What do you love or hate most about your industry?
I like the intellectual challenge of the finance industry. I really enjoy learning about businesses and working with some of the smartest people I have ever met. I like solving problems and using both sides of my brain, blending science and a little bit of art to get answers. Although the fast-paced, dynamic environment is very exciting for the most part, it can also be unpredictable, resulting in demanding work schedules. This has been a struggle at times, but I try to make it work for me by carving out time for the people and causes I care about.
How did you prepare yourself for a career in finance? What steps did you take in high school and college?
When I was exposed to my first finance class, I decided I wanted to explore a career in finance. It was difficult because I didn’t have any experience and had to spend time educating myself about the industry. The first step was landing a summer internship at an investment bank. I read about the markets, took extra finance courses, and talked to alumni who worked in finance. I prepared extensively for interviews with friends and mentors, and was very lucky be selected for a summer internship with Goldman Sachs.
What surprised you most about working in finance?
When I started my first job in finance, I was told that I would get exposure to senior professionals and management both in finance and in other industries, and that the level of responsibility I would have as a twenty-something year old would be astronomical. At the time, I thought it was super cool but didn’t read too much into it. However, over the last couple of years, I have been amazed at just how true both these statements turned out to be. It is mind boggling that the Wall Street Journal’s headline price for a deal is the product of my financial model. It is equally as surreal to meet CEOs of multi-billion dollar companies, and cultivate professional and personal relationships with very accomplished professionals in the finance world. It really is super cool.

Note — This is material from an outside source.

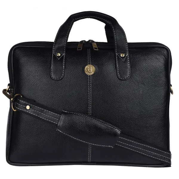 100% pure genuine leather 14.5 inch briefcase laptop messenger crossbody of..More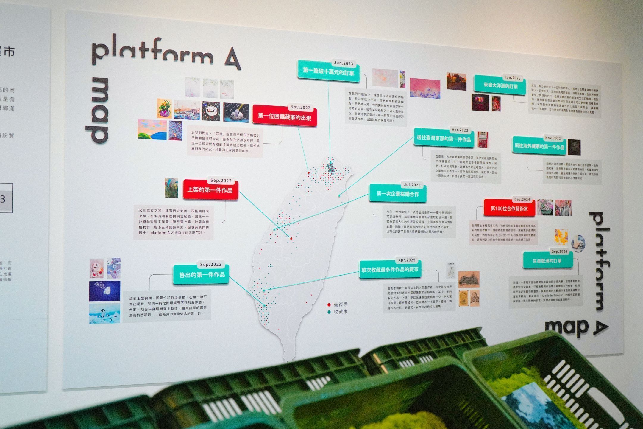 platform A像是藝術家與收藏家的月老,牽起彼此的緣分。這裡展示了自成立以來,上百位收藏家與藝術家的分布地圖,看見藝術如何跨越空間與時間的界線,並且在地圖標記下每一段珍貴的相遇與足跡。

What three qualities allow someone to be most successful as a financial analyst/associate?
1. Like any other job, you need to be passionate about what you do. People in finance work very hard, and you need to be motivated to stay focused. If you don’t love it, you will be miserable.
2. Attention to detail is a key aspect of the job. We deal with a lot of numbers, processes, and people, sometimes under compressed timelines. It is important to do the analysis correctly and to check your work regularly. A good analyst should be able to anticipate questions and have a series of contingency plans because things can always go wrong.

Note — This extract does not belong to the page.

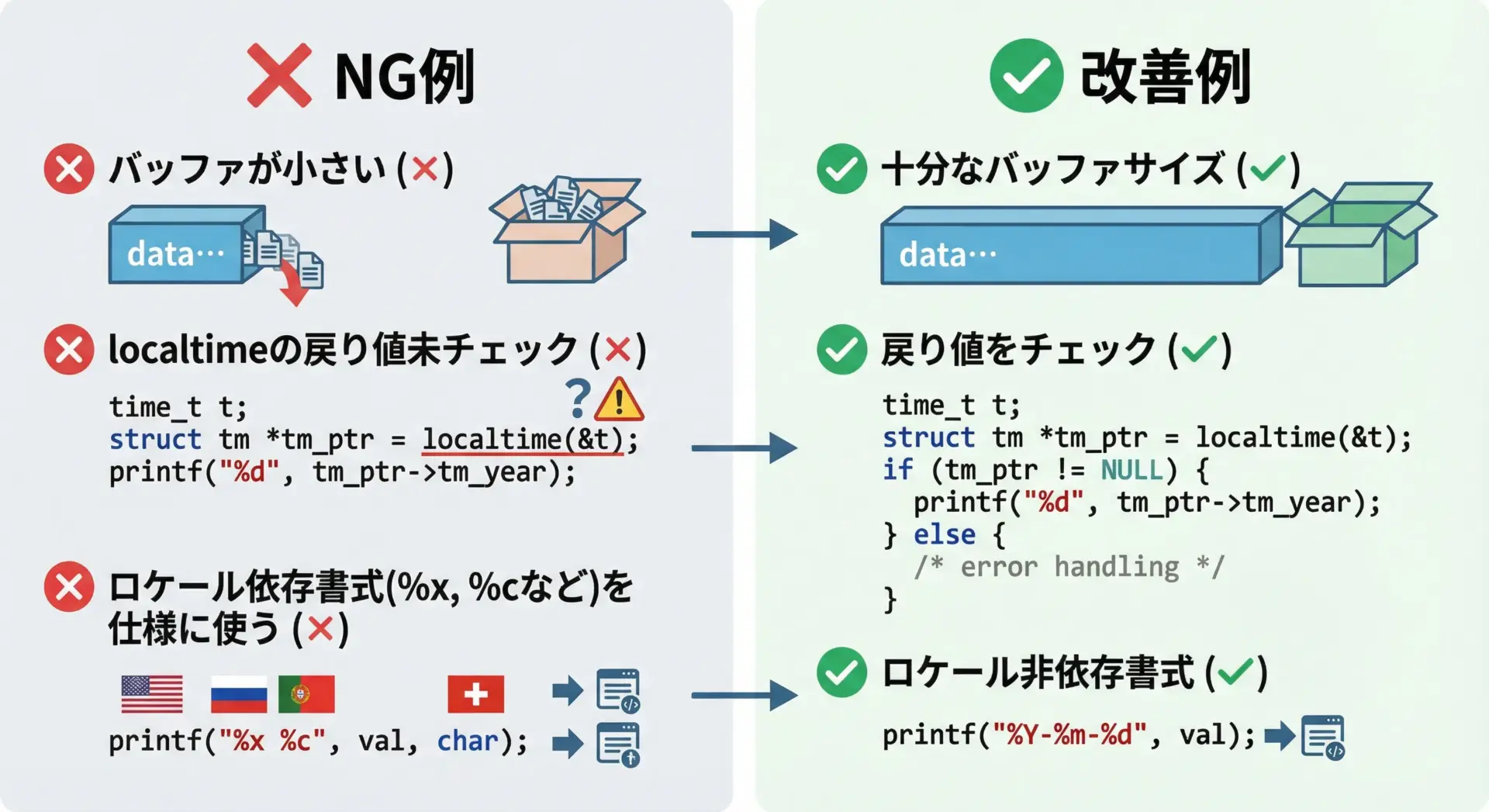strftimeを安全に使うには、バッファサイズと戻り値を正しく扱うことが非常に重要です。

3. Lastly and most importantly, a great attitude takes you a long way. People like to work with diligent, humble, and reliable people. This is amplified in finance due to the long hours and level of urgency—working with someone who is easy to work with makes all the difference in the world.

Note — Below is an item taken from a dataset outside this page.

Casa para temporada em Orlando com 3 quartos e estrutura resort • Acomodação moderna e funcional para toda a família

What career growth opportunities are available in this field?
Finance is a big industry and there are many different careers to pursue if you are committed to it. Many people jump around from investment banking to sales and trading or the buy side (private equity, hedge funds), but eventually find something that suits their personalities and life goals. Many of my friends are thinking about or have gone to business school for an MBA. Finance “alumni” do an assortment of different things after finance or business school. Some have started their own businesses; others have completely switched careers and explored other professions such as consulting or industry. Finance builds a great foundation at a young age and is transferrable to many different jobs in the business world.